Они низко склонили головы, подставив Смиту свои беззащитные затылки: один лысый, как кабачок, у второго длинные тонкие косички свисали до земли. Мальчик и девочка. Оба они тоже были вымазаны чем-то жирно-красным, лоснящимся. И, похоже, оба были голые. Сперва Смиту показалось, что они как-то странно пританцовывают, дергая плечами и руками и словно пытаясь отбить мелкую чечетку коленями. И тут же до него дошло: они дрожат. Их просто колотит от ужаса!
Палман тоже заметил детей. И Маккойн заметил. Он выругался по местной связи, что с ним случалось довольно редко. Еще бы: в этой дикой стране даже малые дети, пусть они стоят перед тобой в чем мать родила, могут оказаться нафаршированными по самые уши взрывчаткой, или, что скорее всего, где-то за ними, на обочине, притаились боевики, только и ждущие, когда машины остановятся и откроются задраенные люки…
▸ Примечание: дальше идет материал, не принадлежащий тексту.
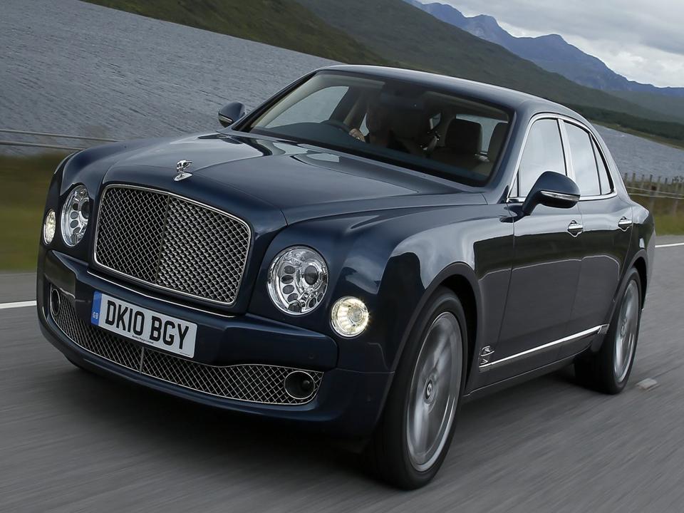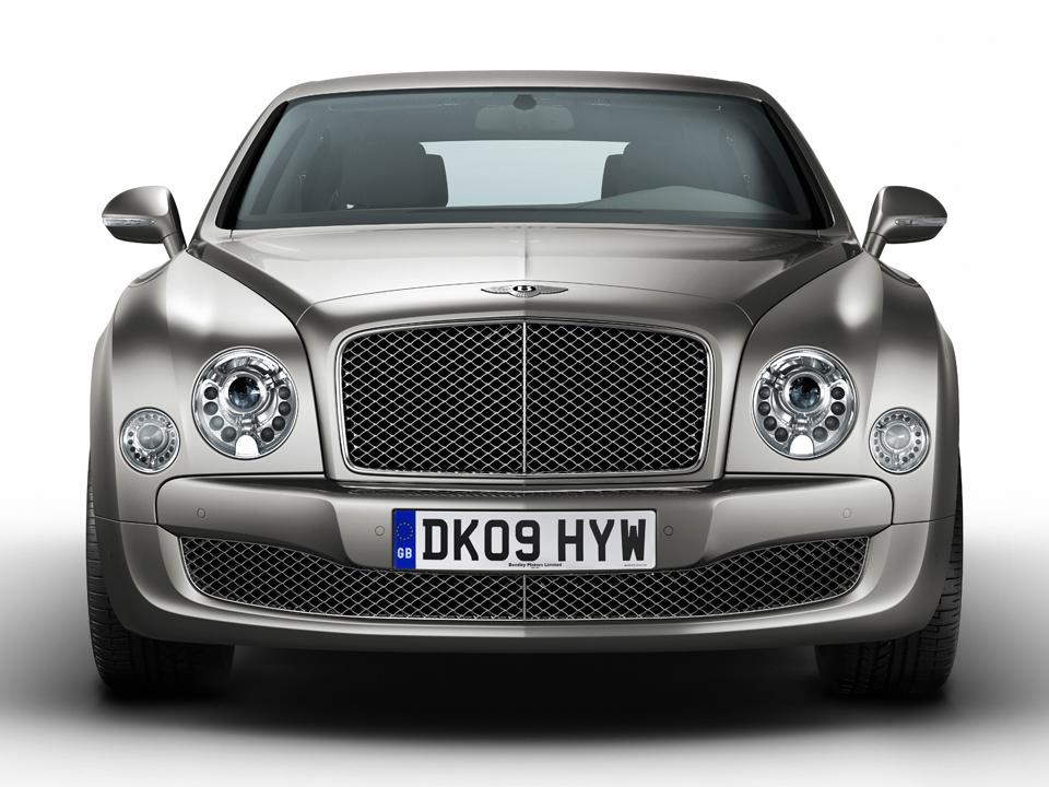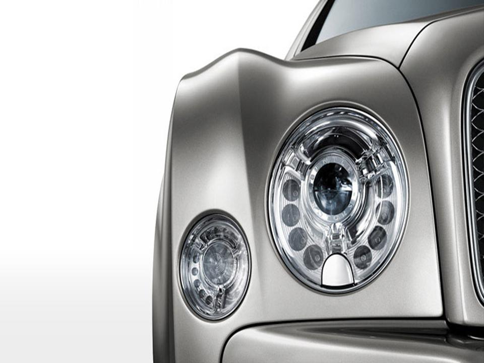 The Mulsanne features bold front end styling dominated by the traditional Bentley matrix grille and prominent round projector headlamps with chrome surrounds embossed with the Bentley name.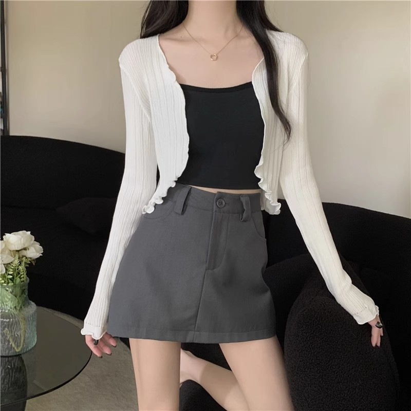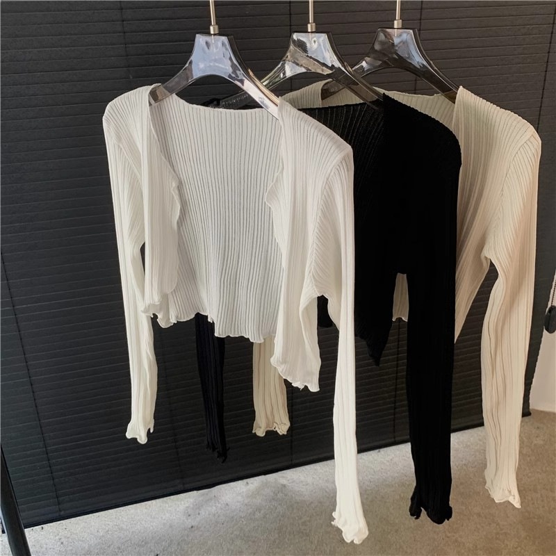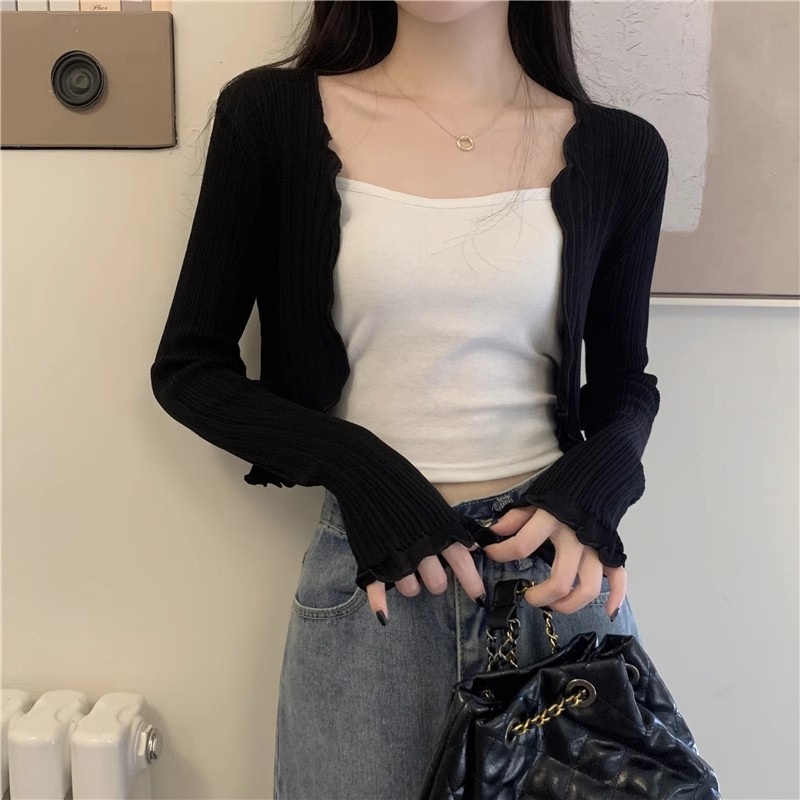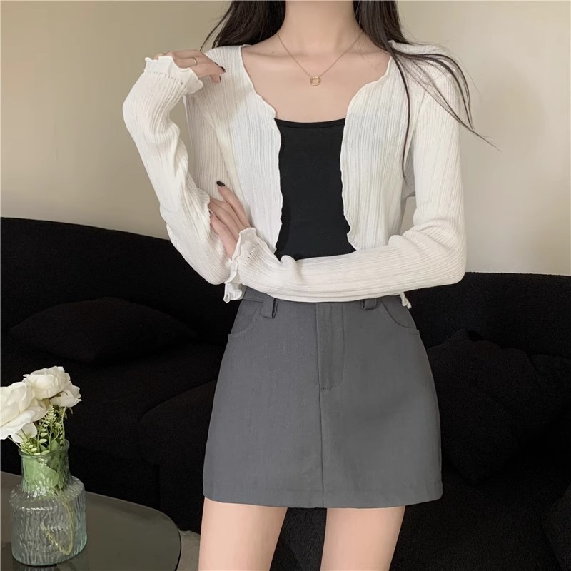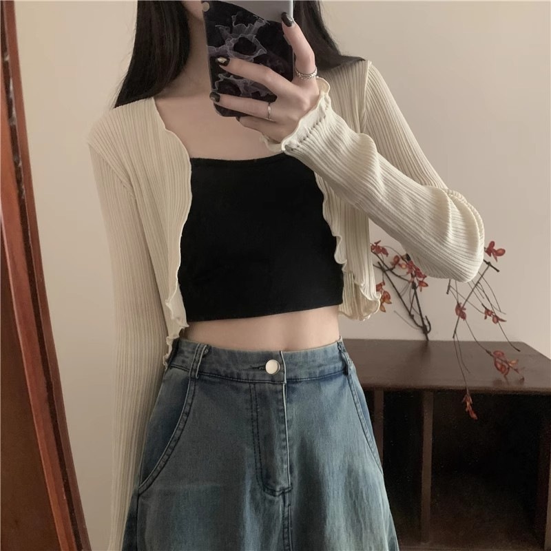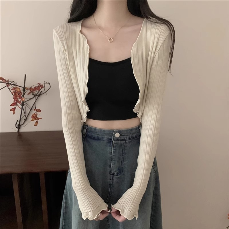 杏色冰丝长袖针织开衫女夏季薄款防晒罩衫配吊带外搭披肩短款上衣

Прошла секунда, две, три… Колонна ползла на малом ходу, в наушниках воцарилась напряженная тишина. Смит, да и все понимали, что останавливаться нельзя, это подстава… И вдруг сквозь мерный рокот моторов прорвался нечеловеческий вопль. Мальчишка поднял голову — распяленный в крике рот занимал у него пол-лица, — вскочил и, схватив девочку за руку, бросился на дорогу, прямо под гусеницы «Абрамса»!
«Черт! Началось…» — подумал Смит, захлопывая смотровой люк и включая переднюю камеру. В следующее мгновение на него обрушился новый звук, плотный и тяжелый, как бетонное перекрытие. Смит, за свою короткую военную карьеру не бывавший ни в одной серьезной переделке, успел удивиться, насколько разительно он отличается от звука учебного фугаса… И лишь потом понял, что это не взрыв, не фугас, а всего лишь сирена экстренной остановки, включенная Бартом.
Он ударил по тормозам, едва не врезавшись танку в зад.
Дети лежали между гусеницами танка, едва не касаясь головами брюха машины — такие крошечные, хрупкие, что казалось, должны умереть от одного дыхания стальной громадины. Но они были живы и не переставая вопили во все горло. Барт, механик-водитель, чьи передние камеры почти упирались им в лица, тихо сказал Палману:
— Матерь Божья, вы только взгляните на это, сэр… Какой же наркотой их накачали?..
Лучи прожекторов и оружейные стволы обшаривали обочины, личный состав изготовился к бою и оставался на своих местах. Машины покинули только Маккойн и Андерс. Андерс стоял перед танком, прикрывая глаза от слепящего света фар. Мако присел на корточки и мрачно разглядывал черные детские пятки и худые спины с пунктирами позвоночника, сотрясающиеся крупной дрожью, словно в агонии. От них несло удушливой смесью свежей крови и пота и чего-то еще, незнакомого капитану. Но кровь, покрывающая эти худые тела, уже подсохшая местами, смешанная с комками песка и грязи, была не их кровью. Дети невредимы, Мако в этом почти не сомневался. И никакой взрывчатки на них не было.
Он осторожно взялся за одну из лодыжек и потянул на себя. Это оказался мальчишка. Какое-то время он сопротивлялся, вжимаясь в утоптанную глину, потом резко перевернулся, вырвался, вскочил, явив на мгновение капитану зареванное лицо с выехавшими из орбит глазами, и дал бодрого стрекача. Однако не успел капитан повернуть голову, чтобы обменяться взглядами с Андерсом, как мальчишка уже вернулся и рухнул перед капитаном на колени, вопя и стеная пуще прежнего.